If only we were able to obtain an unobjectionable statistics, general linguistics (allgemeine Sprachwissenschaft) would have no longer any reason to envy historical linguistics its solid foundations. Then the 20th century would truly be able to achieve what the 19th century has vainly sought to discover: a true general grammar, absolutely philosophical yet absolutely inductive [italics mine: LF]. (1894: 7)

References

Beneke, Eduard. 41877 [1832]. Lehrbuch der Psychologie als Naturwissenschaft. Berlin: Mittler.

Curtius, Georg. 51879 [1858]. Grundzüge der Griechischen Etymologie. Leipzig: Teubner. (Engl. trans.: Principles of Greek Etymology, London: Murray, 1886)
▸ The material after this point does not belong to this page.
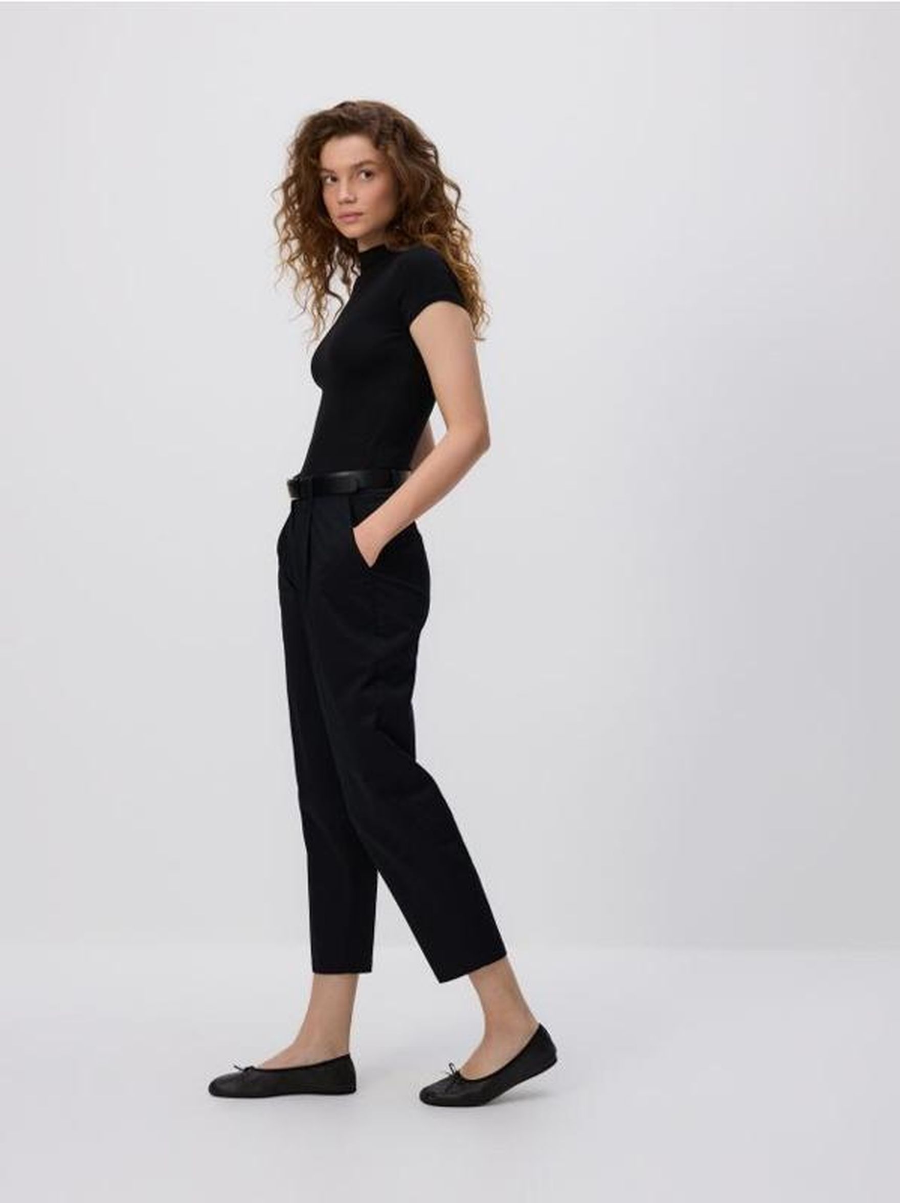 Jednak w każdym przypadku podstawowa zasada pozostaje taka sama – spodnie powinny kończyć się w najwęższym miejscu nogawki. Dla większości osób tym miejscem jest kostka, co oznacza, że ich optymalna długość to 7/8 (tzw. „długość angielska"). Wąskie proste modele o długości 7/8 można łączyć z gładkimi bluzkami (lub z klasycznym dyskretnym nadrukiem), klasycznymi żakietami. Wskazane jest, aby wybierać buty na obcasach. Niskie dziewczyny powinny uważać na tuniki.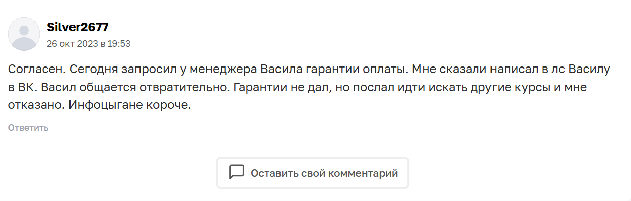 Недовольные клиенты рассказывают, что Васил может отчислить ученика и не вернуть деньги, а также общается грубо и не дает никаких гарантий эффективности обучения.

Gabelentz, H. Georg C. von der. 1875. “Weiteres zur eine vergleichenden Syntax. Wort- und Satzstellung”. Zeitschrift für Völkerpsychologie und Sprachwissenschaft 8/3: 300-338.

Herbart, Johann Friedrich. 1834. Lehrbuch zur Psychologie. In: Sämmtliche Werke, hrsg. von G. Hartenstein. Bd. 5. Schriften zur Psychologie. Leipzig: Voss, 1850: 3-187.

Leskien, August. 1876. Declination im Slawisch-Litauischen und Germanischen. Leipzig: Hirzel.

Paul, Hermann. 51920 [11880, 21886, 31898, 41909]. Prinzipien der Sprachgeschichte. Halle: Niemeyer.

Schuchardt, Hugo. 1885. Über die Lautgesetze: Gegen die Junggrammatiker. Berlin: Oppenheim.

Wundt, Wilhelm. 1862. Beiträge zur Theorie der Sinneswahrnehmung. Leipzig/Heidelberg: C. F. Winter.

Wundt, Wilhelm. 1886. “Ueber den Begriff des Gesetzes, mit Rücksicht auf die Frage der Ausnahmslosigkeit der Lautgesetze”. Philosophische Studien 3: 195-215.

Wundt, Wilhelm. 31908 [11883, 21893-1894]. Logik. Eine Untersuchung der Prinzipien der Erkenntniss und der Methoden wissenschafticher Forschung. III. Logik der Geisteswissenschaften. Stuttgart: Enke.